Exercise prompt | Retype exactly the span of lines below from the one with "Humanoid alien scientist, green" through the one with "La structure robuste". Do not include pictures.

Data for this task |
--------------------
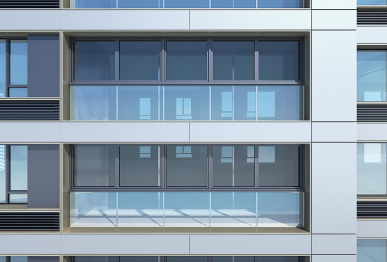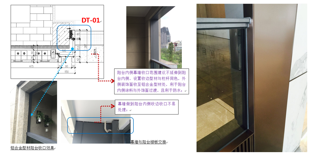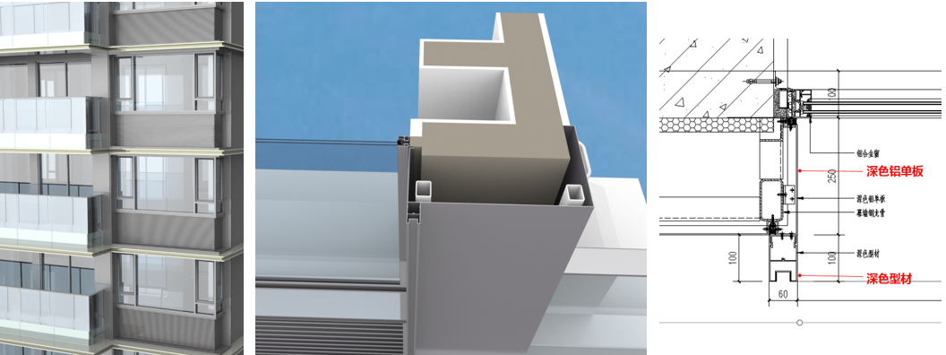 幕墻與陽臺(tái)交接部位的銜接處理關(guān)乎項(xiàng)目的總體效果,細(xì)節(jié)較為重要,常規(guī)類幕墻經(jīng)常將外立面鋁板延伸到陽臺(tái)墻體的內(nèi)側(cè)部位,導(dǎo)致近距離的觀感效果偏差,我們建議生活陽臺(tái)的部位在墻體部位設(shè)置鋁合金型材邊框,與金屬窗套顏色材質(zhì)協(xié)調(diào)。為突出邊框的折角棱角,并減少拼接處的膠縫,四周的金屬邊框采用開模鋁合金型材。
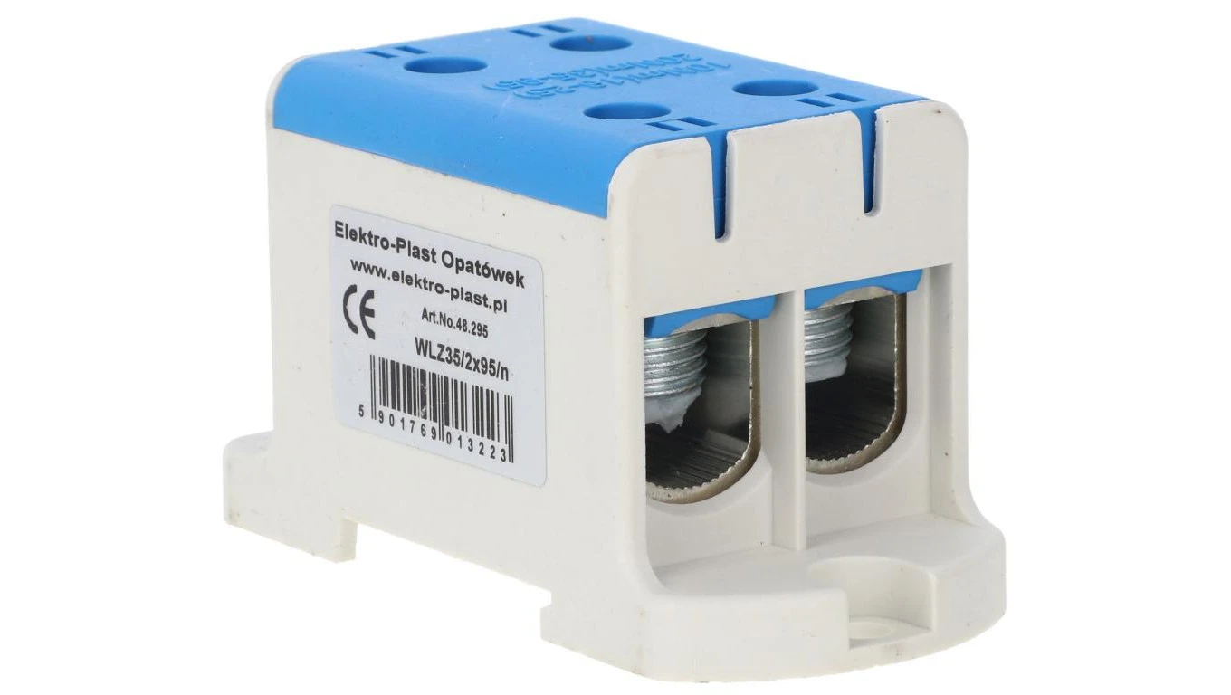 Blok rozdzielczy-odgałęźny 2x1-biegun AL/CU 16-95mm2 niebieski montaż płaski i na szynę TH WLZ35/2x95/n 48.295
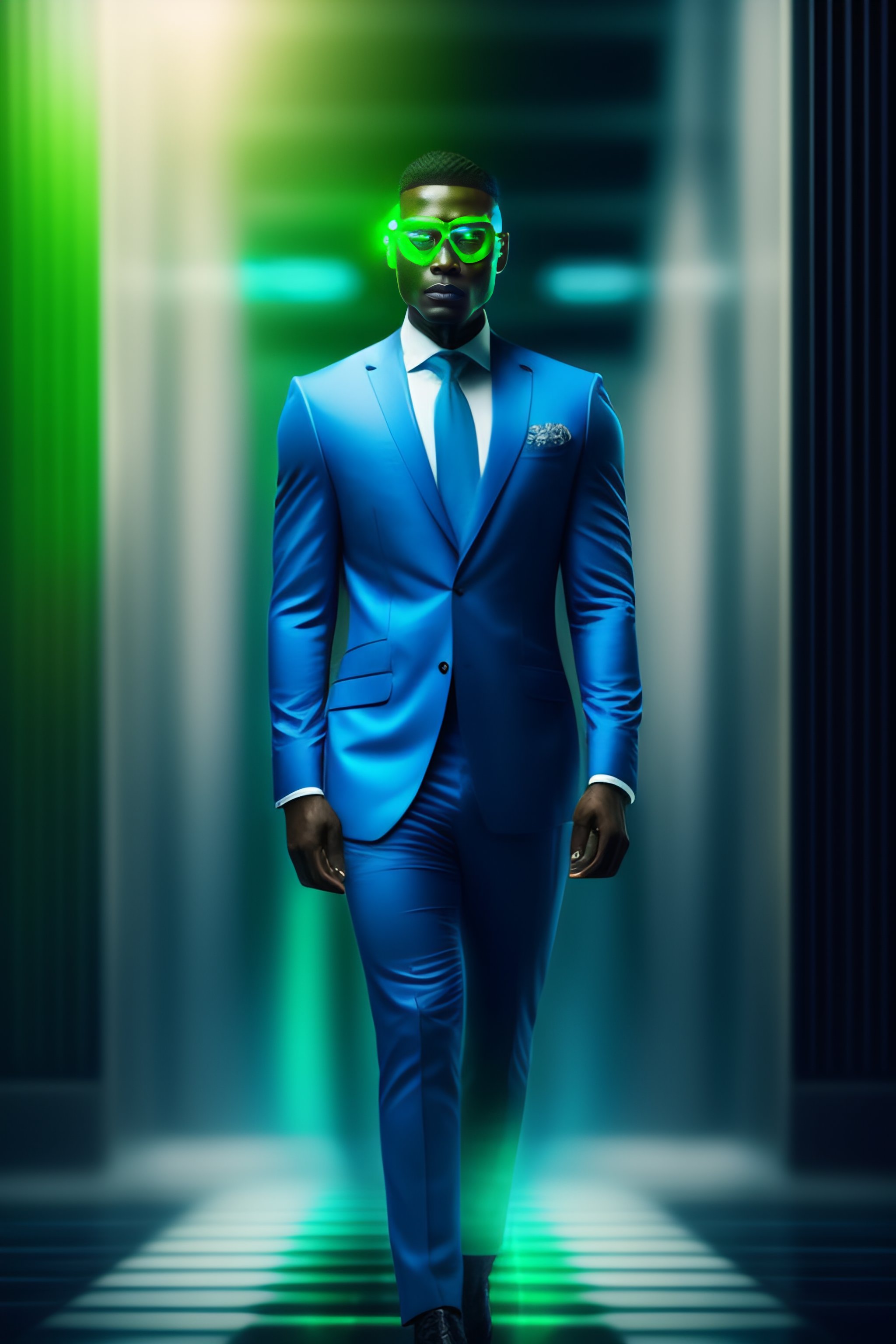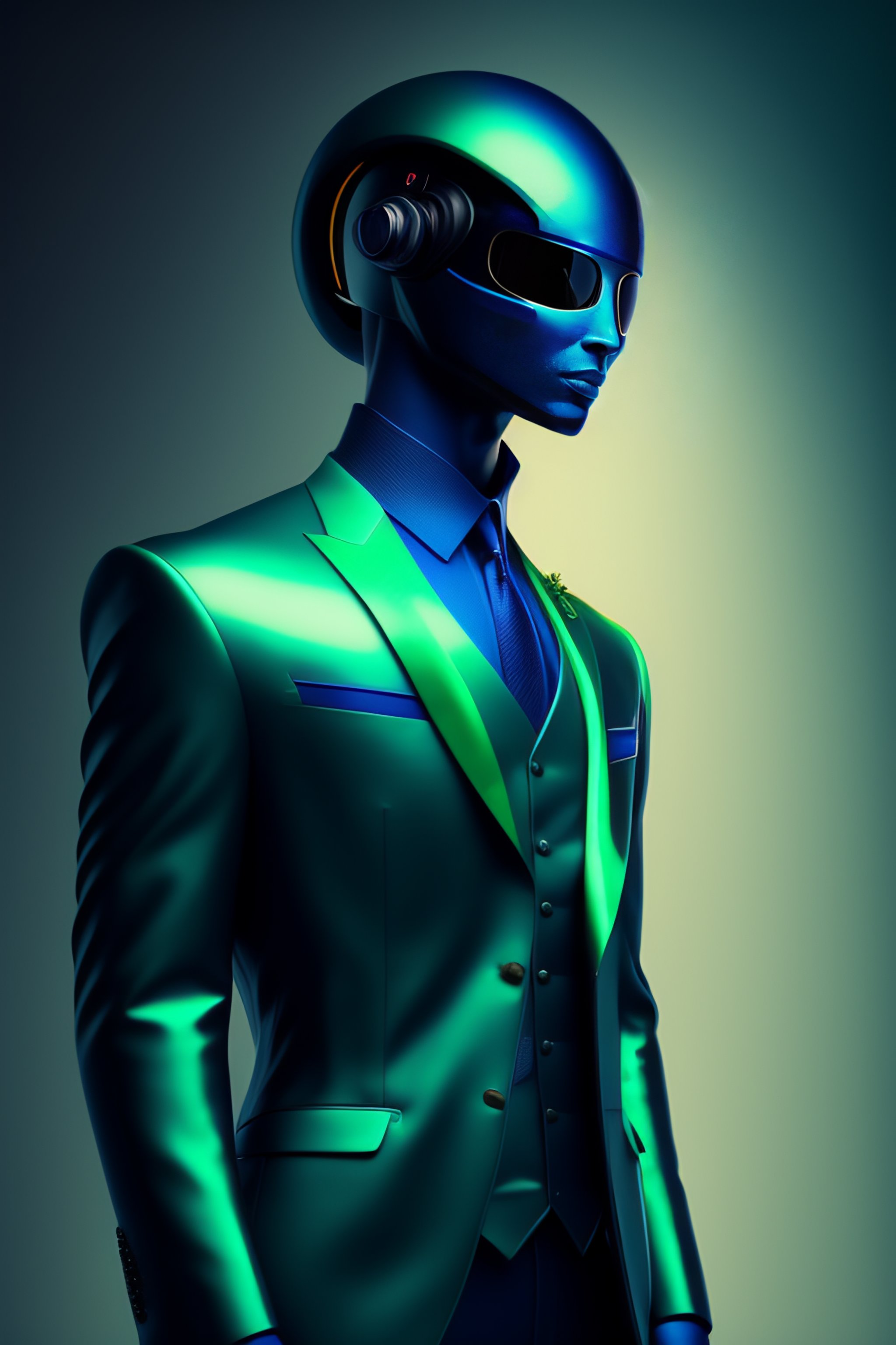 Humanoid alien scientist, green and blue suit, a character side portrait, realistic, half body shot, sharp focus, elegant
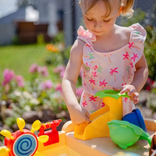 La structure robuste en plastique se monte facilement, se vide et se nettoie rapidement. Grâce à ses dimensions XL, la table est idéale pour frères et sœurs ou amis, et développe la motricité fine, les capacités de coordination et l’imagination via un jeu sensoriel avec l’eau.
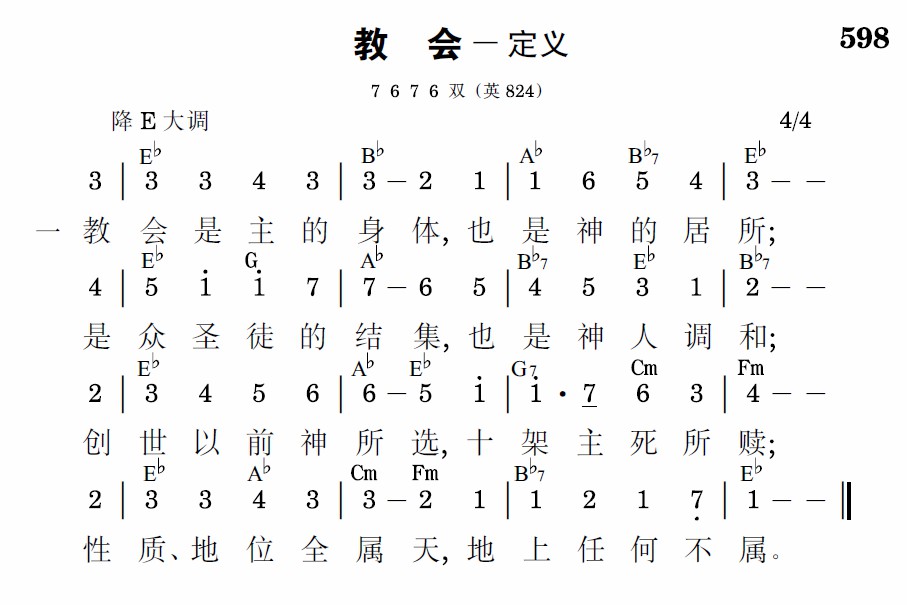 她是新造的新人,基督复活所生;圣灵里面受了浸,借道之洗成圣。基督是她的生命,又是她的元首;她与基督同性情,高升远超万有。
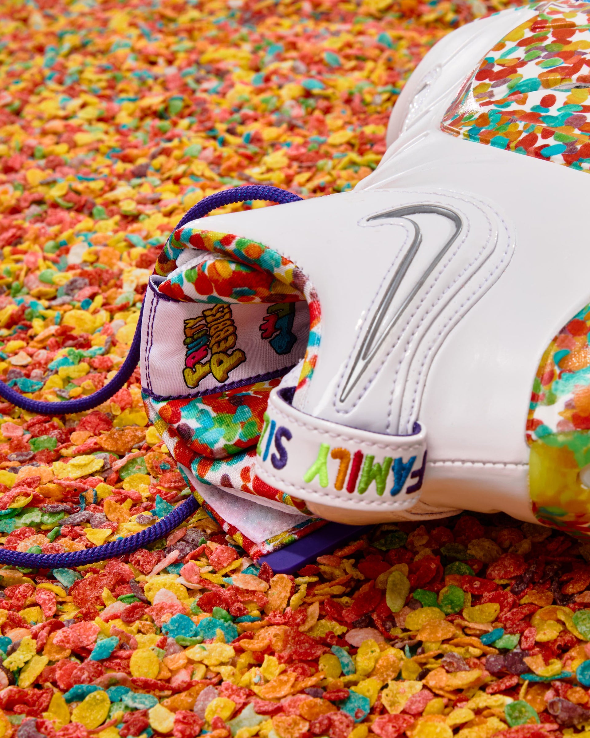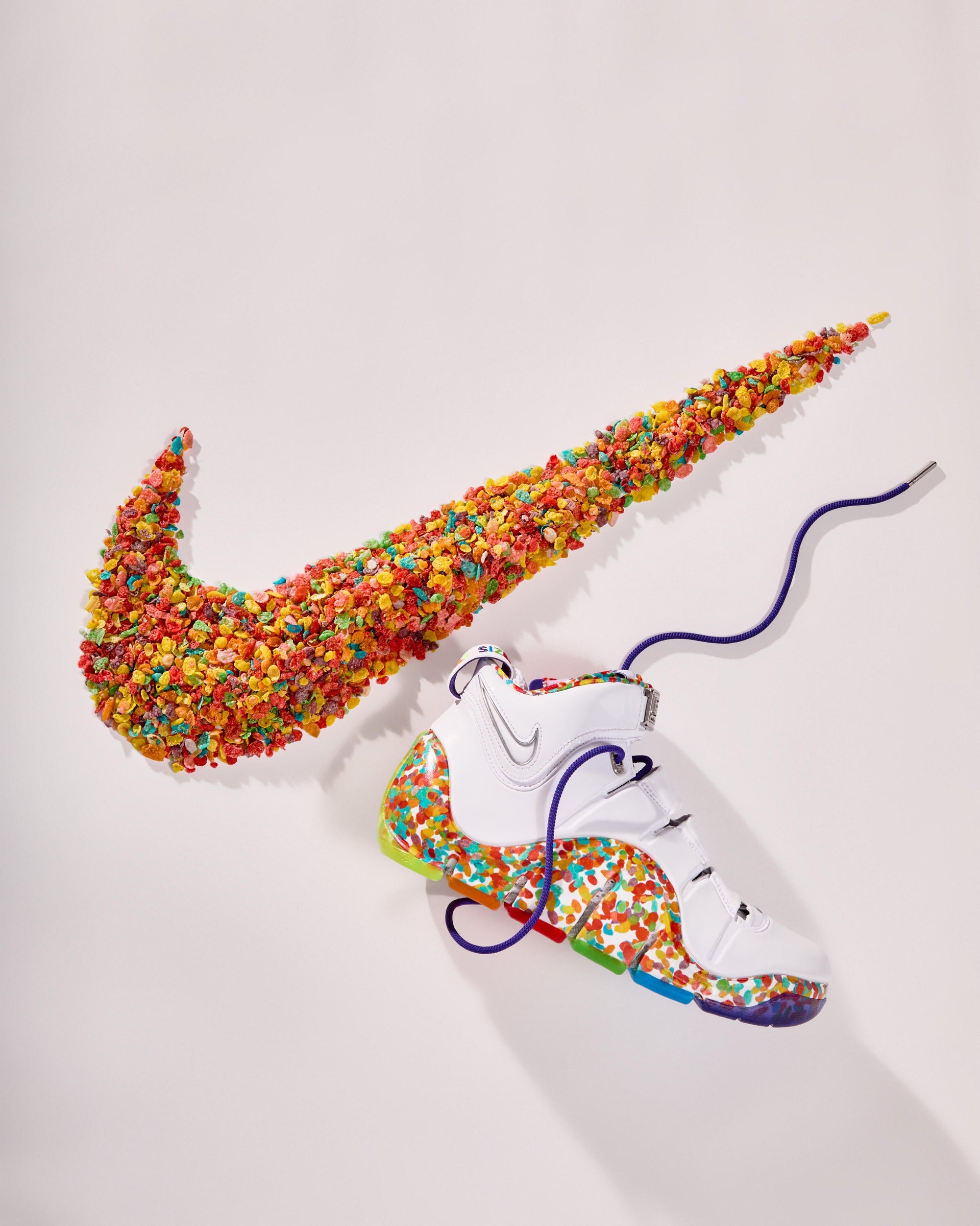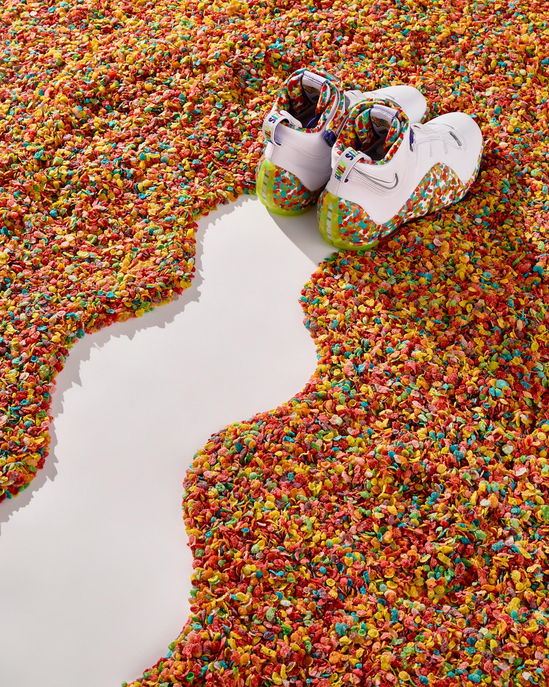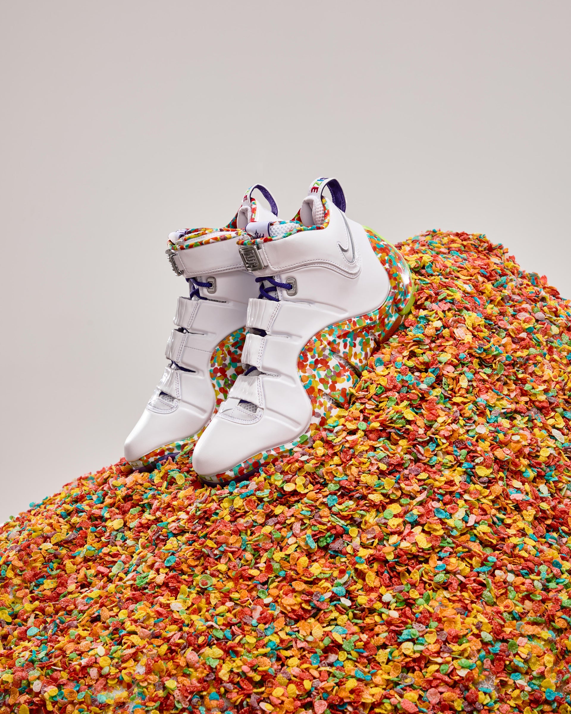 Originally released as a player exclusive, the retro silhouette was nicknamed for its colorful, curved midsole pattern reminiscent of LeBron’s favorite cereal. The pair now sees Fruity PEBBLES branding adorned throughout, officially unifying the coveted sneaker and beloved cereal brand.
--------------------
Solution to this task |
 Humanoid alien scientist, green and blue suit, a character side portrait, realistic, half body shot, sharp focus, elegant
 La structure robuste en plastique se monte facilement, se vide et se nettoie rapidement. Grâce à ses dimensions XL, la table est idéale pour frères et sœurs ou amis, et développe la motricité fine, les capacités de coordination et l’imagination via un jeu sensoriel avec l’eau.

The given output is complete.